The oscillator strengths of hemoproteins in the light frequency range of 1.11 X 10(4) to 3.23 X 10(4) cm-1 (wavelength range of 900 to 310 nm) were measured by means of computer-assisted spectrophotometry. The obtained values of oscillator strength per molar heme ranged from about 1.4 to 2.2. By comparing the oscillator strength values of the ferric and ferric cyanide-bound forms of hemoproteins and also the values of low molecular weight ferric heme complexes, it was found that the oscillator strength was lower for those hemoproteins whose heme was coordinated with strong field ligands.

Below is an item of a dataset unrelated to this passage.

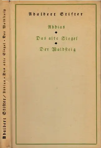 das Erscheinungsjahr ist geschätzt, der Einband ist fleckig, die Seiten sind leicht gebräunt, die Rückenkanten sind betsoßen, 3 Geschichten in einem Band von Adalber Stifter: Abdias - Das alte Siegel - Der Waldsteig Beschreibung vom Antiquariat Ardelt 3m3 Antiquariat Ardelt
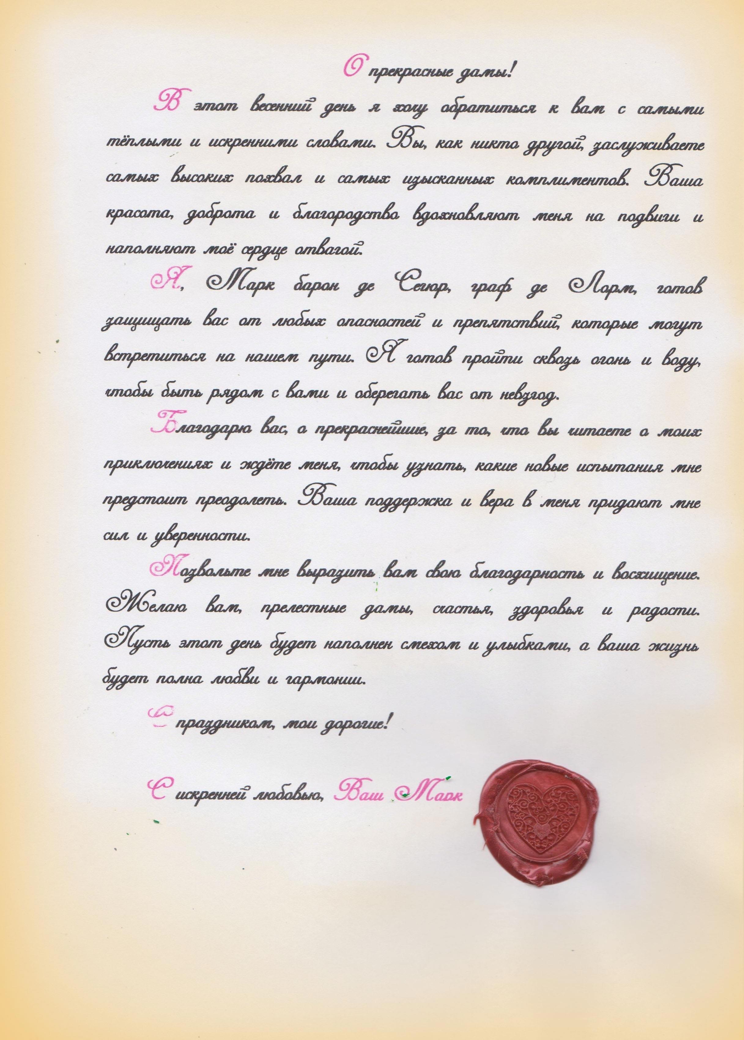 Поздравление прекрасным дамам от Марка де Сегюра!

It was also found that the hemoproteins showing a smaller pH-dependent change in the carbon monoxide-difference spectrum had lower oscillator strengths. The following linear relation was observed, with various ligand complexes of bovine methemoglobin, horse metmyoglobin, and ferric horseradish peroxidase, between the oscillator strength (f) determined in the present study and the respective magnetic susceptibility (10(6) X chi 20 degrees M) values in the literature: f = A (10(6) X chi 20 degrees M) + B. The values of constants A and B in the equation were estimated for horseradish peroxidase, methemoglobin, and metmyoglobin. On varying the temperature in the range of 0 to 40 degrees C, the oscillator strength of the metmyoglobin-azide complex changed in parallel with the change in the spin state. Taking advantage of the fact that fluoride complexes of many hemoproteins show 10(6) X chi 20 degrees M values close to 14,500 and also that the values of intersection B are around 86.4% of the respective values of the fluoride complexes of ferric horseradish peroxidase, methemoglobin, and metmyoglobin, an empirical equation was evolved for the calculation of an approximate 10(6) X chi 20 degrees M value from the f value of a given complex (fobs) and that of the fluoride complex (fF) of a hemoprotein. The approximate magnetic susceptibilities of various ligand complexes of bovine lactoperoxidase could be thus calculated with the equation. The oscillator strengths of ferrous hemoproteins were also investigated and ligand-dependent regular changes were found.